Typically converges in 2-3 rounds (~200 pairs, ~$0.01). On the Bulldozer dataset (401K rows, 23.7M candidate pairs), calibration learned threshold=0.947 from just 200 pairs.

llm_scorer:
  enabled: true
  calibration_sample_size: 100      # pairs per round
  calibration_max_rounds: 5         # max iterations
  calibration_convergence_delta: 0.01  # stop when threshold shift < this

Calibration activates automatically when candidates exceed calibration_sample_size. For small candidate sets (<=100 pairs), all pairs are scored directly.


Cluster mode

Send entire blocks of borderline records to the LLM for in-context clustering. More efficient than pairwise for large candidate sets.

llm_scorer:
  enabled: true
  mode: cluster
  cluster_max_size: 100     # max records per LLM cluster block
  cluster_min_size: 5       # below this, fall back to pairwise

How it works:

  1. Build connected components from borderline pairs
  2. Send each component (block) to the LLM as a clustering task
  3. LLM returns cluster assignments
  4. Synthesize pair_scores from cluster confidence for compatibility with Union-Find, unmerge, and lineage
import goldenmatch as gm

scored = gm.llm_cluster_pairs(borderline_pairs, df, llm_config)

Graceful degradation: cluster mode falls back to pairwise if a block is too small, then stops if the budget is exhausted.


Budget tracking

Control LLM spending with BudgetConfig:

llm_scorer:
  enabled: true
  budget:
    max_cost_usd: 0.05         # hard cost cap
    max_calls: 100             # max API calls
    warn_at_pct: 80            # warn at 80% of budget
    escalation_model: gpt-4o   # escalate to better model for hard pairs
    escalation_band: [0.80, 0.90]
    escalation_budget_pct: 20  # reserve 20% of budget for escalation
import goldenmatch as gm

tracker = gm.BudgetTracker(max_cost_usd=0.05, max_calls=100)
# tracker.record_call(input_tokens, output_tokens, model)
# tracker.remaining_budget
# tracker.total_cost
# tracker.is_exhausted

The BudgetTracker class tracks token usage, cost, and enforces limits. When the budget runs out, scoring stops gracefully – pairs are kept at their fuzzy scores.

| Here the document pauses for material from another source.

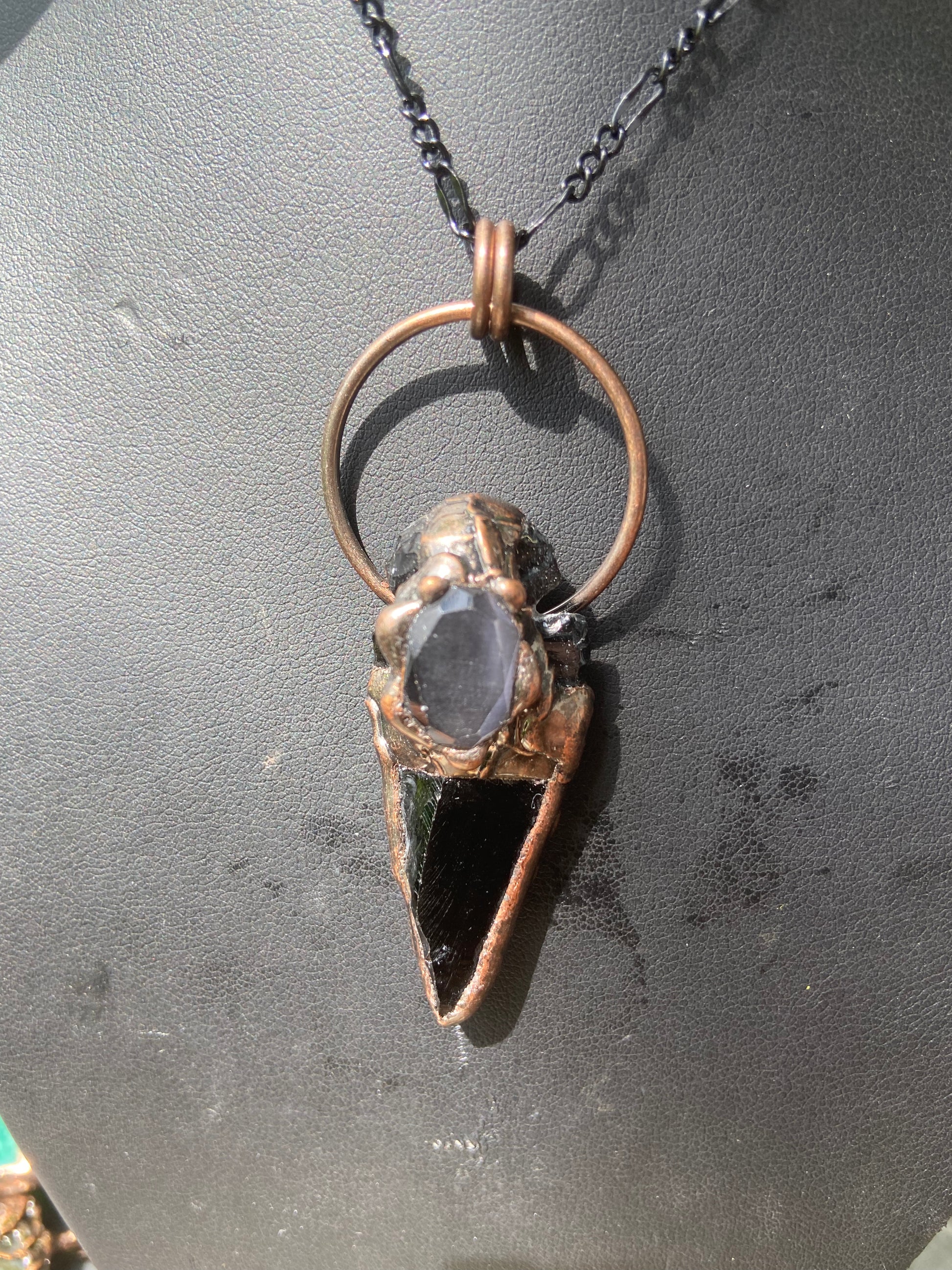Electroformed black obsidian necklace with Quartz decoration.

Budget summary is available in EngineStats.llm_cost after a pipeline run.


Model tiering

Automatic escalation sends harder pairs to a better (more expensive) model:

  1. Tier 1: GPT-4o-mini for most pairs (cheapest)
  2. Tier 2: GPT-4o for pairs in the escalation band (0.80–0.90)

The escalation budget percentage (default 20%) reserves a portion of the total budget for tier-2 calls.


LLM boost

A separate feature from the LLM scorer. LLM boost fine-tunes an embedding model using LLM-generated labels:

goldenmatch dedupe products.csv --llm-boost

Tiered auto-escalation:

  1. Level 1 – zero-shot (free, instant)
  2. Level 2 – bi-encoder fine-tuning (~$0.20, ~2 min CPU)
  3. Level 3 – Ditto-style cross-encoder with data augmentation (~$0.50, ~5 min CPU)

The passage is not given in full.